DATA EXTRACT -
__________________________________________________
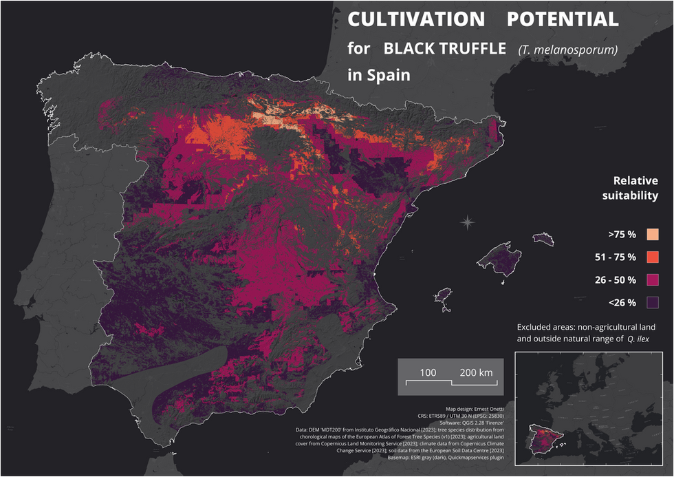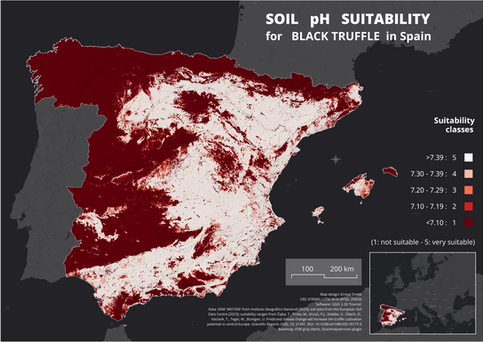 Truffles are soil fungi that grow in symbiosis with the roots of some forest trees. They are sensitive to climate, elevation and soil properties like pH. Here is a selection of the maps that I elaborated for the final project of the course 'Spatial Data Studio'. The goal was to create a country-wide dataset about the suitability for black truffle (Tuber melanosporum) cultivation and identify the provinces with higher potential.
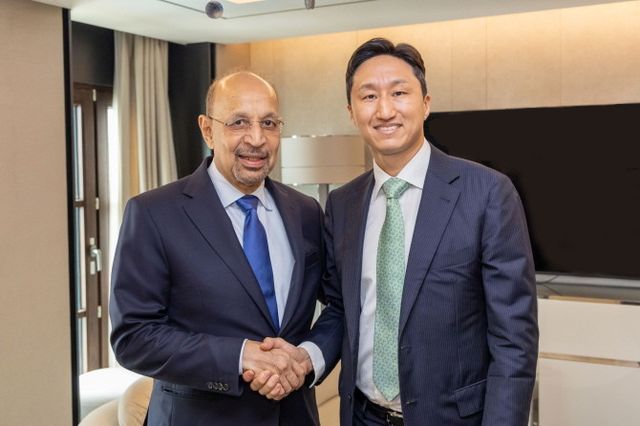 정기선 HD현대 수석부회장(사진 오른쪽)이 25일 칼리드 알팔리(H.E. Khalid AlFalih) 사우디 투자부 장관을 만나 사업 협력을 논의했다. ⓒ HD현대
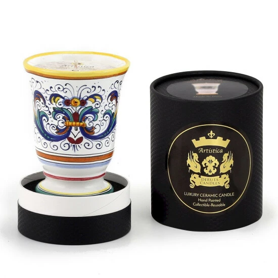 Exclusive deruta candle by artistica – hand painted in deruta – italy- Eco-friendly and non toxic soy wax- Collectible and reusable- Custom luxury tube packaging- Long burn time: approx. 50+ hours- Available unscented or in eight scents of italy fragrances- Burn the candle then, enjoy the charming fully functional and multi-purpose keepsake tumbler cup- 12 oz
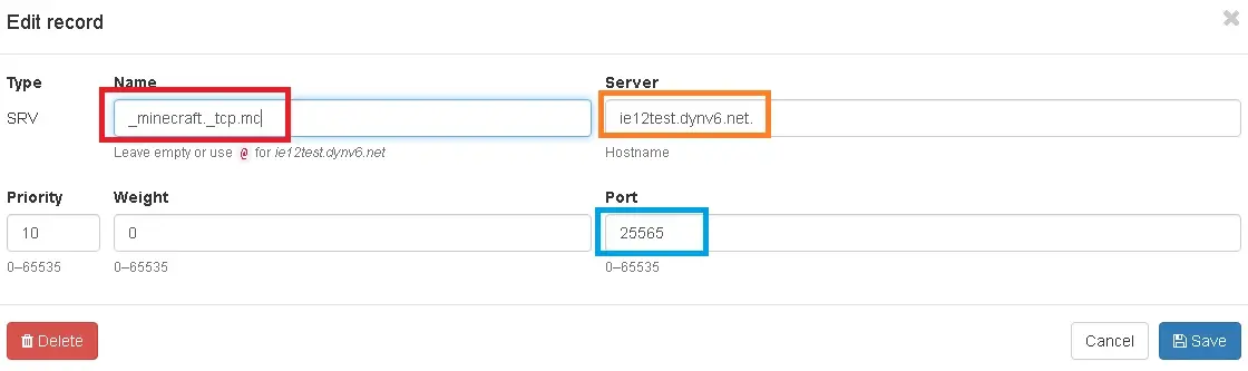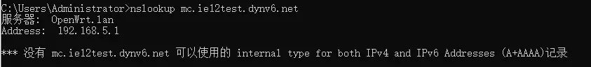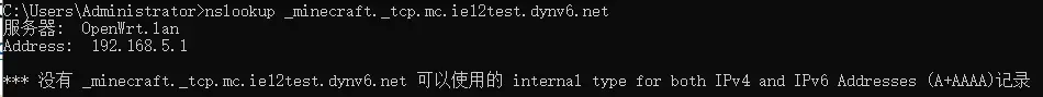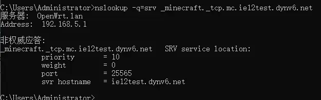 例如: nslookup -q=srv _minecraft._tcp.mc.ie12test.dynv6.net
__________________________________________________
ABOUT THIS TASK -
The answer must be the lines above, word for word, from the first one through the line with "정기선 HD현대 수석부회장(사진", pictures excluded.

SOLUTION FOR THIS PROBLEM -
 Truffles are soil fungi that grow in symbiosis with the roots of some forest trees. They are sensitive to climate, elevation and soil properties like pH. Here is a selection of the maps that I elaborated for the final project of the course 'Spatial Data Studio'. The goal was to create a country-wide dataset about the suitability for black truffle (Tuber melanosporum) cultivation and identify the provinces with higher potential.
 정기선 HD현대 수석부회장(사진 오른쪽)이 25일 칼리드 알팔리(H.E. Khalid AlFalih) 사우디 투자부 장관을 만나 사업 협력을 논의했다. ⓒ HD현대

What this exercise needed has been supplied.